The errors that create mirages have both familiar and unfamiliar names: Drill-down Bias, Forgotten Population or Missing Dataset, Cherry Picking, Modifiable Areal Unit Problem, Non-sequitur Visualizations, and so many more. An annotated and expanded version of this list is included in the paper supplement. There is a sprawling universe of subtle and tricky ways that mirages can arise.
產生海市ages樓的錯誤既有熟悉的名稱,又有不熟悉的名稱: 向下鉆取偏差 , 被遺忘的總體或缺失的數據集 ,Cherry采摘, 可修改的地域單位問題 , 非sequitur可視化等等。 此列表的帶注釋的擴展版本包含在論文補充中 。 幻影出現的范圍是微妙而棘手的。
To make matters worse, there are few automated tools to help the reader or chart creator know that they haven’t deceived themselves in pursuit of insight.
更糟的是,幾乎沒有自動化工具可以幫助讀者或圖表制作者知道他們在追求洞察力方面并沒有欺騙自己。
這些事情真的發生了嗎? (Do these things really happen?)
Imagine you are curious about the trend of global energy usage over time. A natural way to address these questions would be to fire up Tableau and drop in the World Indicators dataset, which consists of vital world statistics from 2000 to 2012. The trend over time (a) shows that there was a sharp decrease in 2012! This would be great news for the environment, were it not illusory, as we see in (b) when checking the set of missing records.
想象一下,您對全球能源使用量隨時間變化的趨勢感到好奇。 解決這些問題的自然方法是啟動Tableau并放下World Indicators數據集 ,該數據集包含2000年至2012年的重要世界統計數據。隨著時間的推移(a),表明2012年急劇下降! 如果不是虛幻的話,這對于環境而言將是一個好消息,正如我們在(b)中檢查缺失記錄集時所看到的那樣。
If we try to quash these data problems by switching the aggregation in our line chart from SUM to MEAN, we find that the opposite is true!! There was a sharp increase in 2012. Unfortunately this conclusion is another mirage. The only non-null entries for 2012 are OECD countries. These countries have much higher energy usage than other countries across all years (d).
如果我們嘗試通過將折線圖中的匯總從SUM切換到MEAN來緩解這些數據問題,則會發現相反的事實!! 2012年急劇增加。不幸的是,這一結論是另一個幻象。 2012年唯一的非空條目是經合組織國家。 這些年來,這些國家的能源使用量比其他國家高得多(d)。
Given these irregularities we can try removing 2012 from the data, and focus on the gradual upward trend in energy usage in the rest of the data.

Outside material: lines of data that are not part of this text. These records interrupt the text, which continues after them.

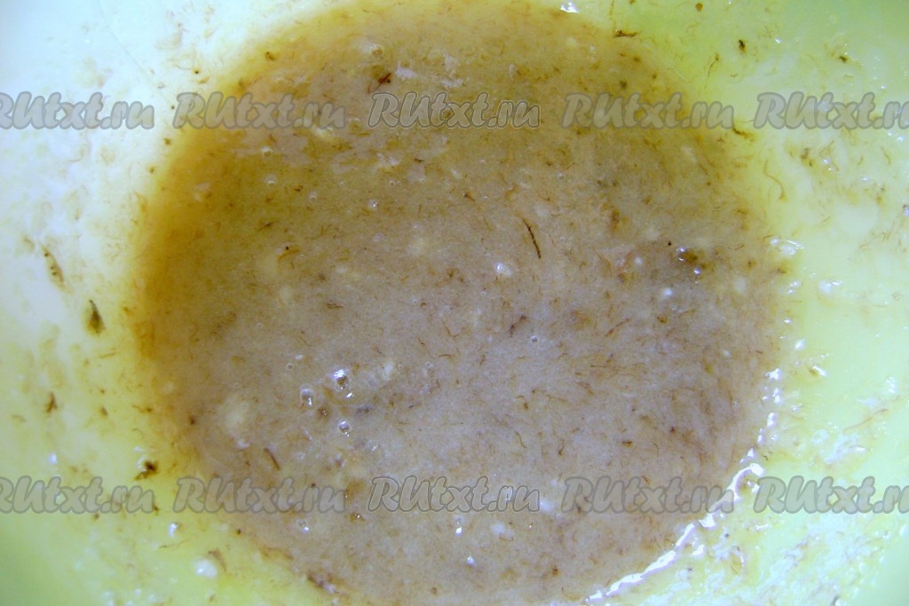 К взбитым бананам добавить мучную смесь и аккуратно порциями влить кофе, взбить. Добавить масло, взбить, недолго.
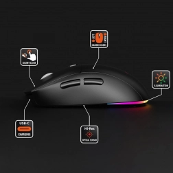Dzięki cichym głównym przyciskom nie przeszkadzasz otoczeniu nawet późno w nocy. Czujnik optyczny z szybkim wyborem DPI 1200/2400/3200 elastycznie przełącza się między precyzyjną grafiką a szybkimi reakcjami w grach. Efekt RGB Rainbow doda Twojemu zestawowi stylu.
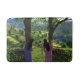 Zwei junge Damen blicken von hinter zwei Bäumen in eine üppige grüne Brille zwischen felsigen Hügeln, gefüllt mit kleinen Bauernhöfen, Hecken und Steinmauern und von einem glitzernden Bach bewässert, der die Hügel hinunter zieht.
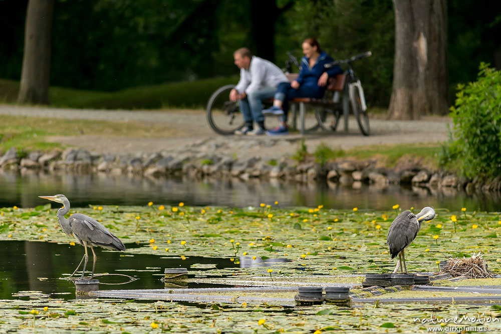 Graureiher, Ardea cinerea, Ardeidae, zwei Jungtiere auf Metallkonstruktion im Brutgewässer, nah am Ufer, Spaziergänger auf Parkbank, Levinscher Park, Göttingen, Deutschland
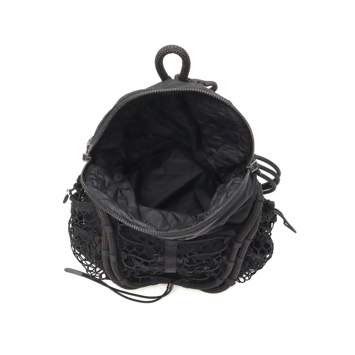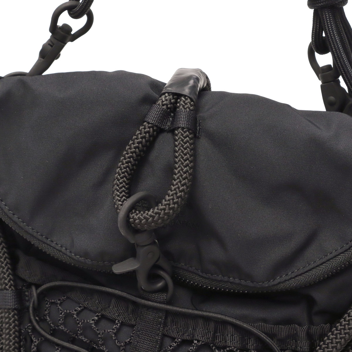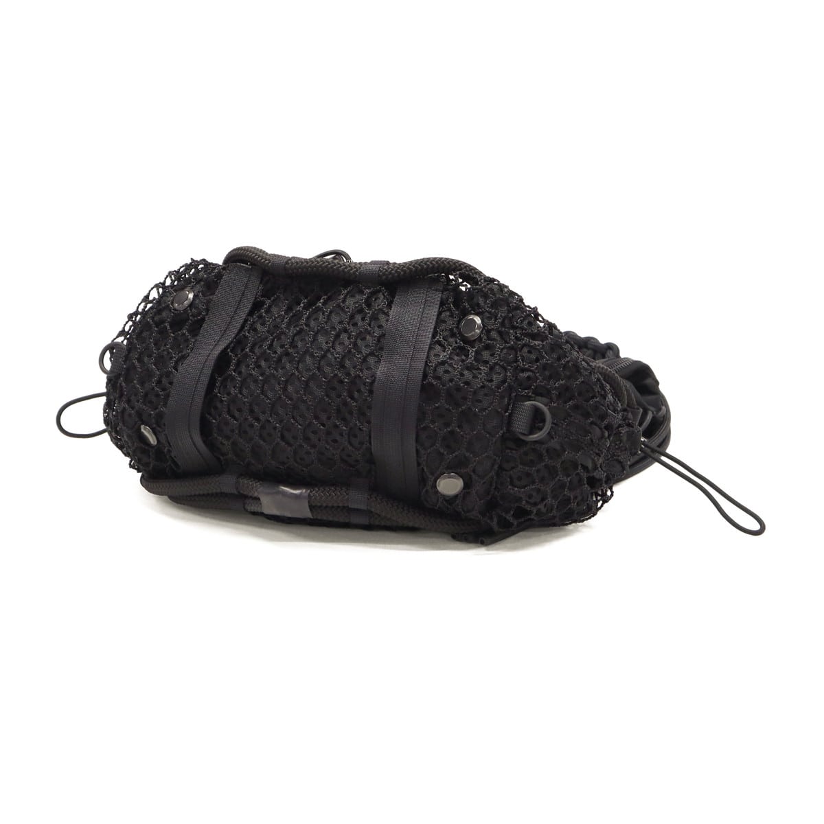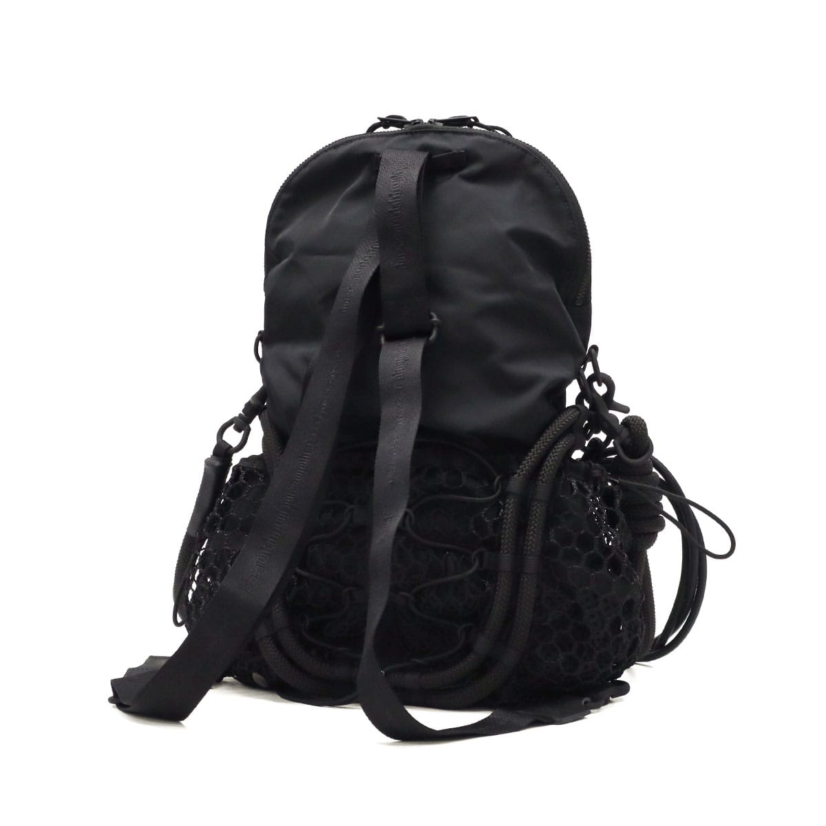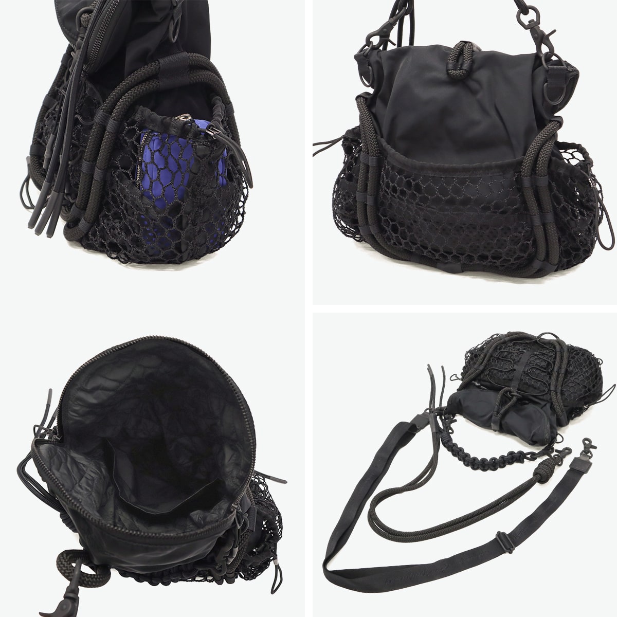 ブラックをベースに異素材MIXしたショルダーバッグ。多層のメッシュやコード使い、ハンドクラフトで編み込んだハンドルが特徴です。さりげなく施されたブランドのロゴ刺繍もポイント。個性が光る、存在感抜群のデザインに仕上がっています。
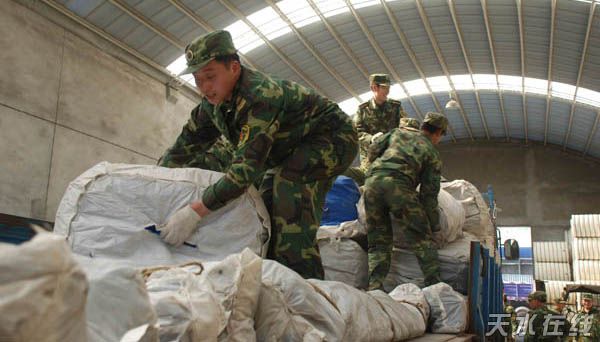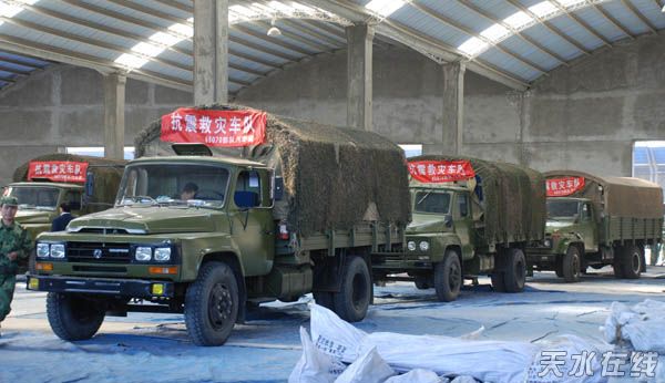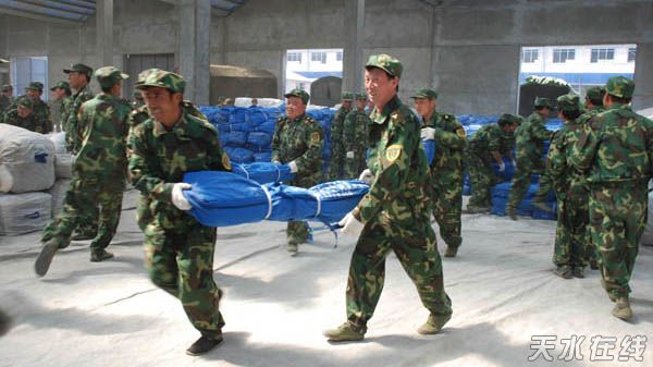 5月14日,國(guó)家民政部首批救災(zāi)物資經(jīng)天水中轉(zhuǎn)后,當(dāng)天下午全部運(yùn)往隴南。
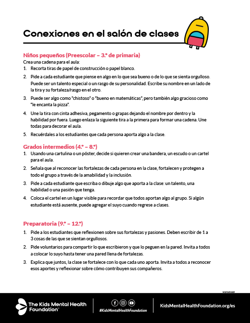 - Sentirse conectado con la escuela aporta muchos beneficios para la salud mental de los niños.
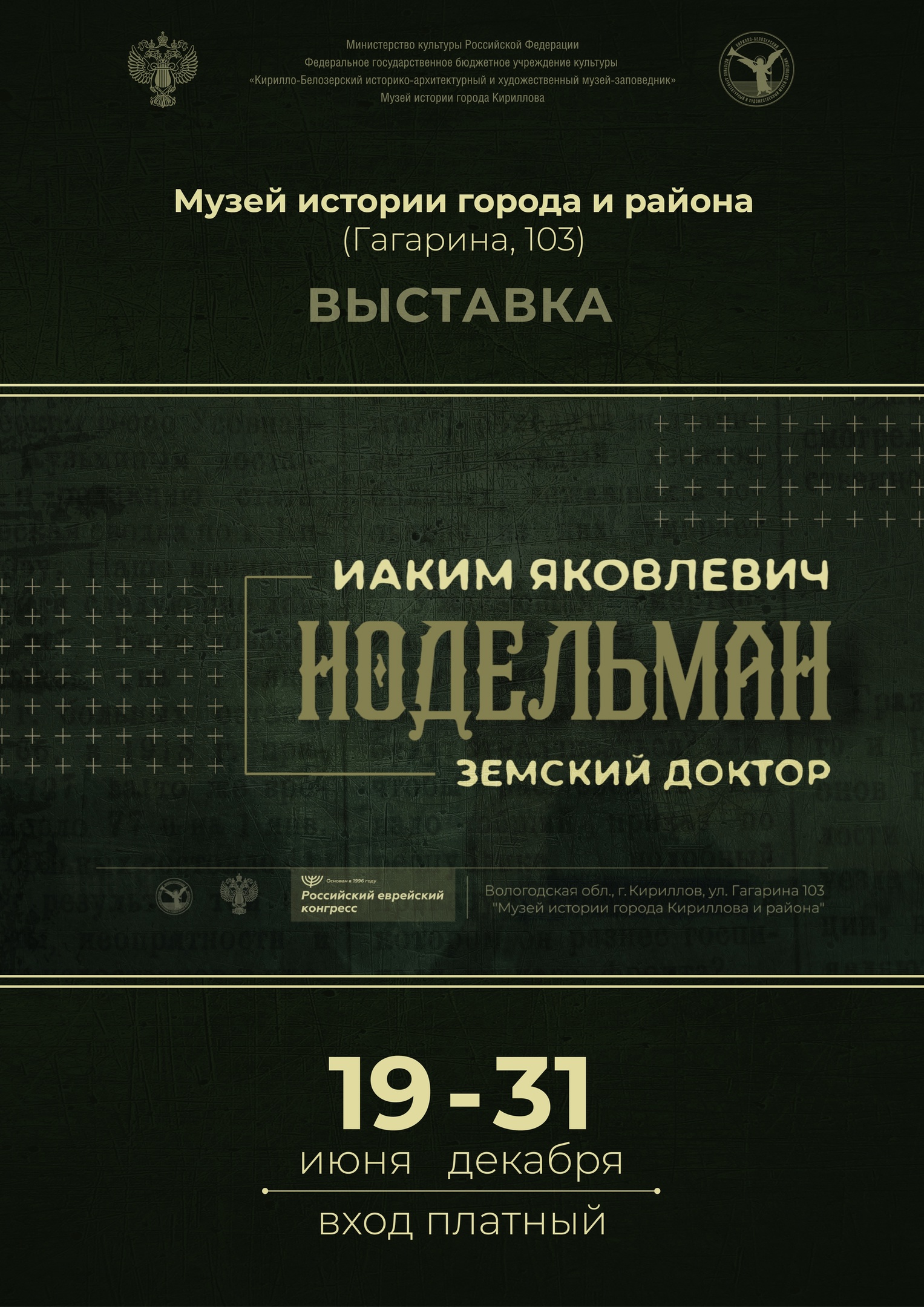 Выставка рассказывает о докторе Иоакиме Яковлевиче Нодельмане, земском враче общей практики, жившем в XIX веке в здании, где сейчас располагается музей. Она была создана благодаря победе музея в Третьем грантовом конкурсе музейных инициатив и выставочных проектов Российского еврейского конгресса. Музей закупил оборудование для проведения интерактивных мероприятий и декорирования интерьера кабинета. Были отобраны музейные экспонаты для размещения в новой экспозиции, создана интерактивная информационная система.
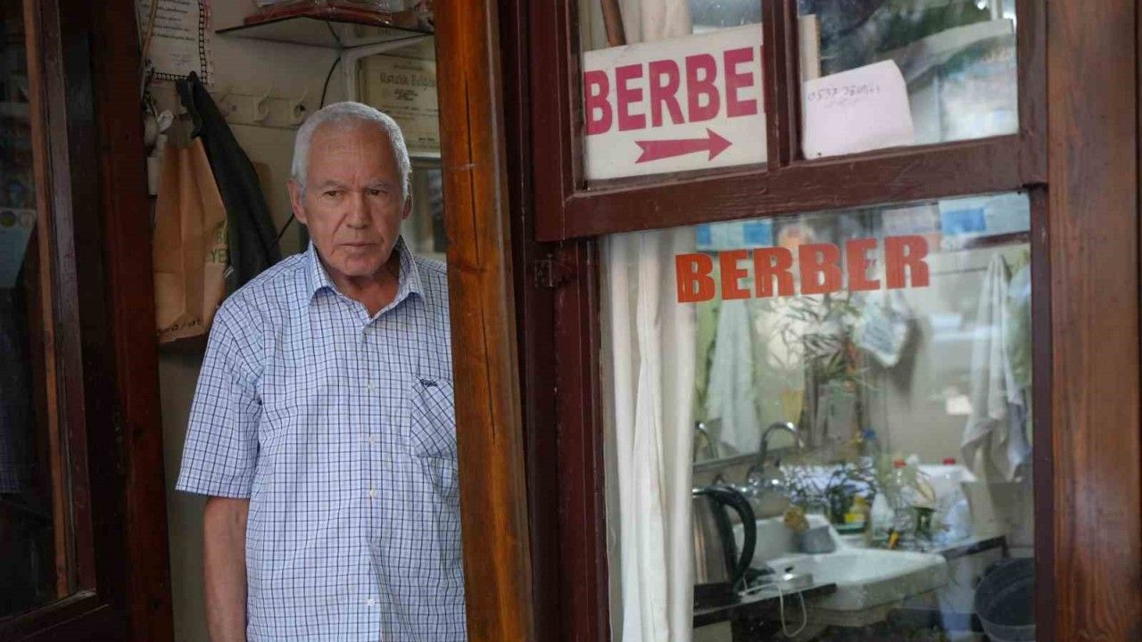 Antalya’da tarihi Zincirli Han’ın içinde yalnızca 5 metrekarelik ahşap kulübede tek koltukla hizmet veren 75 yaşındaki berber, 45 yıldır aynı dükkanda makas sallıyor.

As we can see on the left, it appears that energy usage is tightly correlated with average life expectancy, perhaps more power means a happier life for everyone after all. Unfortunately this too is a mirage. The y-axis of this chart has been altered to make the trends appear similar, and obscures the fact that energy use is flat for most countries.
鑒于這些違規情況,我們可以嘗試從數據中刪除2012年,并關注其余數據中能源使用量的逐漸上升趨勢。 正如我們在左側看到的那樣,能源使用似乎與平均預期壽命緊密相關,也許更高的功率畢竟意味著每個人的幸福生活。 不幸的是,這也是一個海市rage樓。 更改了此圖表的y軸,以使趨勢看起來相似,并且掩蓋了大多數國家的能源使用量持平的事實。
Now of course, you’re probably saying:
當然,現在您可能會說:
但是我真的很聰明,我不會犯這種錯誤 (But I’m really smart, I wouldn’t make this type of mistake)
That’s great! Congrats on being smart. Unfortunately, even those with high data visualization literacy make mistakes. Visualizations are rhetorical devices that are easy to trust too deeply. Charting systems often give an air of credibility that they don’t necessarily warrant. It is often easier to trust your initial inferences and move on. Interactive visualizations with exploratory tools that help to might dispel a mirage are often only glanced at by casual readers. Sometimes you are just tired and miss something “obvious”.
那很棒! 恭喜你聰明。 不幸的是,即使那些具有較高數據可視化素養的人也會犯錯。 可視化是易于深深信任的修辭手段 。 制圖系統通常會給人一種不一定要保證的可信度。 相信最初的推論并繼續前進通常會更容易。 具有探索性工具的交互式可視化工具有助于驅散海市rage樓,通常只有休閑讀者才能看一眼 。 有時您只是累了而錯過了一些“顯而易見的”東西。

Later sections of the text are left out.